From Results to Reflection: Feedback as a Tool for Urine Culture Stewardship

Reviewed by: Leah Mische, M.D., Medical College of Wisconsin

Bottomline: This article describes the efficacy of a diagnostic stewardship intervention that provided aggregate audit and feedback of preoperative urine culture orders to three surgical subspecialty teams at four VA hospitals.

This was a quasi-experimental prospective pre/post pilot study comparing number of urine cultures obtained pre-intervention (January-December 2022) to post-intervention (January-October 2023). Specifically, the intervention examined percent of pre-operative urine cultures obtained in asymptomatic patients by three subspecialty surgical teams (Neurosurgery, Orthopedic Surgery, Vascular Surgery). The study was conducted in four VA sites, two of whom had ongoing urine culture diagnostic stewardship interventions, but which were unrelated to pre-operative urine culture sampling specifically. Patient cases were included if there was a urine culture obtained within 30 days of surgery in the absence of signs or symptoms of infection.

Feedback was provided to each surgical subspecialty at each VA site. Each site had a co-investigator as a site champion. Feedback was provided to each surgical team in aggregate and was individualized based on the preferences of that team. In addition to information about urine culture ordering, the groups were also provided summarized evidence against the standard acquisition of pre-operative urine cultures and instead offered alternative infection prevention strategies.

There were a total of 5,508 eligible surgeries during the study period, 952 of which had pre-operative urine cultures obtained. Rates of urine culture acquisition varied drastically from site to site and subspecialty to subspecialty. For example, pre-intervention, the Neurosurgery teams ordered pre-operative urine cultures somewhere between 1%-79% of the time depending on the specific VA site. In total, prior to the intervention 20.7% of surgeries had a pre-operative urine culture while post-intervention, this dropped to 12.9%, a statistically significant decline. Two of the VA sites had a statistically significant drop in urine culture orders. Interesting, one of the sites had a non-statistically significant 14% increase in urine culture acquisition. Of the three subspecialties, Orthopedic Surgery had the greatest decline in ordering pre-operative urine cultures across all four sites.

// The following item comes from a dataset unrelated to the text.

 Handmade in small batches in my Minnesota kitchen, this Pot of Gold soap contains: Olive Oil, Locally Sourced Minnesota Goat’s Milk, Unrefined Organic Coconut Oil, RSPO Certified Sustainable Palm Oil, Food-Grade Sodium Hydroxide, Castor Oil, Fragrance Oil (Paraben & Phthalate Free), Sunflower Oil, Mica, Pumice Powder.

This study was limited by no clinical outcomes data. Additionally, it is interesting that one of the sites had a non-statistically significant increase in urine culture ordering, although mediated almost exclusively by one surgical team. Overall, this study did show that audit and feedback provided at an aggregate division level in surgical subspecialties may be a successful diagnostic stewardship intervention in the right setting.

Reference:

Parmasad V, Gupta K, O’Brien WJ, Drekonja D, Lira GJB, O’Neil S, Amundson C, Sikandar S, Morgan A, Strymish J, Chan J, Brown ME, Schweizer ML. An education with audit and targeted feedback intervention to de-implement preoperative surgical urine cultures: a multi-center quasi-experimental study. Infect Control Hosp Epidemiol. 2026 Jun 5:1-4. doi: 10.1017/ice.2026.10470. Epub ahead of print. PMID: 42244210.